→ Materials provided:
# # # # #

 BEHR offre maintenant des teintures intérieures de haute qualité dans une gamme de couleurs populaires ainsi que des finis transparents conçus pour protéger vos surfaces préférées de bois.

# # # # #

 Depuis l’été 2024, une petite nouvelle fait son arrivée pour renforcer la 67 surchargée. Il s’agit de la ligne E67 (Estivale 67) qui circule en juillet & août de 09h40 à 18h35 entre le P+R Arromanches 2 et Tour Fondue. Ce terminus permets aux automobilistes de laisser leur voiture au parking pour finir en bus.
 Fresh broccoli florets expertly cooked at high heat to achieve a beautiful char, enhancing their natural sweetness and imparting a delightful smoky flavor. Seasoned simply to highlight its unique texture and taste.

# # # # #

→ Problem requirements: Look above for the line with "Depuis l’été 2024, une" and the line with "Fresh broccoli florets". Write out those two lines and all the lines between them, exactly, and no others.

→ Solution:
 Depuis l’été 2024, une petite nouvelle fait son arrivée pour renforcer la 67 surchargée. Il s’agit de la ligne E67 (Estivale 67) qui circule en juillet & août de 09h40 à 18h35 entre le P+R Arromanches 2 et Tour Fondue. Ce terminus permets aux automobilistes de laisser leur voiture au parking pour finir en bus.
 Fresh broccoli florets expertly cooked at high heat to achieve a beautiful char, enhancing their natural sweetness and imparting a delightful smoky flavor. Seasoned simply to highlight its unique texture and taste.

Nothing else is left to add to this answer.